Der Schweizer Strommarkt erlebt die grösste Veränderung in seiner Geschichte: Liberalisierung, Preisgestaltung, Vergrösserung des Angebots. Dazu kommt die dringend notwendige Modernisierung der Infrastruktur. Diese äusseren Faktoren haben bereits zu vielen Fusionen von Stromversorgern geführt und ein Ende dieser Entwicklung ist nicht in Sicht.
Dieser Artikel wurde am Dienstag, 30. August 2022 auf www.bulletin.ch publiziert.
Der Umbruch auf dem Schweizer Strommarkt ist ein grosser, aber auch ein langsamer: Vor über 20 Jahren wurde die Liberalisierung beschlossen – ganz umgesetzt ist sie noch immer nicht.
Traditionell ist die Schweiz der Stromproduktion gegenüber positiv eingestellt. Das weltweit erste Kraft- werk, das Strom an Dritte lieferte, wurde 1886 im luzernischen Littau in Betrieb genommen. Ab 1893 versorgte ein Flusskraftwerk die Stadt Zürich mit Strom.

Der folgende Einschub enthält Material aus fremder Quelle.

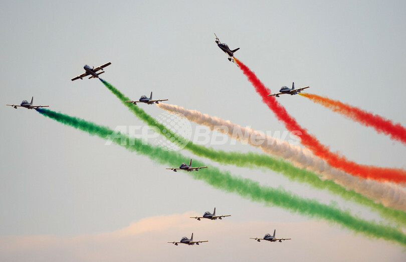 ニュース 政治・経済 結成50周年、伊空軍「フレッチェ・トリコローリ」がアクロバット飛行 2010年9月16日 11:10 発信地:イタリア [ ヨーロッパ イタリア ] このニュースをシェア ‹ › ❮ 5/8 ❯ イタリア空軍のアクロバット飛行隊「フレッチェ・トリコローリ(Frecce tricolori、3色の矢の意)」はイタリア・リボルト(Rivolto)空軍基地で12日、結成50周年を記念する航空ショーでアクロバット飛行を披露した。写真は、リボルト空軍基地上空を飛行する「フレッチェ・トリコローリ」(2010年9月12日撮影)。(c)AFP/CHRISTOPHE SIMON 画像作成中 ! 【9月16日 AFP】イタリア空軍のアクロバット飛行隊「フレッチェ・トリコローリ(Frecce tricolori、3色の矢の意)」はイタリア・リボルト(Rivolto)空軍基地で12日、結成50周年を記念する航空ショーでアクロバット飛行を披露した。(c)AFP 政治・経済 一覧へ> メディア・報道関係・法人の方向け 写真・動画 購入のお問合せ>

In der Folge entstanden in der ganzen Schweiz Kraftwerke, häufig in den Händen lokaler Betreibergesellschaften. 1910 zählte man 7000 Kleinwasserkraftwerke. 1980 wies die Schweiz 1200 Elektrizitätswerke für die allgemeine Versorgung auf und 80, die Strom für Bahnen und Industrie produzierten.
Diese kleinteilige Struktur erweist sich seit einigen Jahren als nicht mehr geeignet. Die Handelszeitung schrieb 2019: «Es gibt hierzulande zu viele, zu kleine Stromversorger. Eine Konsolidierung tut not.»
Neue Anforderungen durch Liberalisierung
Bislang profitierten viele Betriebe vom Monopol, über das sie in ihrem Gebiet verfügten: Wer Strom brauchte, bezog ihn beim nächstgelegenen Versorger – und bezahlte den Preis, den dieser verlangte. Mit der Liberalisierung des Schweizer Strommarktes und dem Scheitern der Verhandlungen zu einem Rahmenabkommen mit der EU im Frühling 2021 sind viele Anbieter unter Zugzwang geraten.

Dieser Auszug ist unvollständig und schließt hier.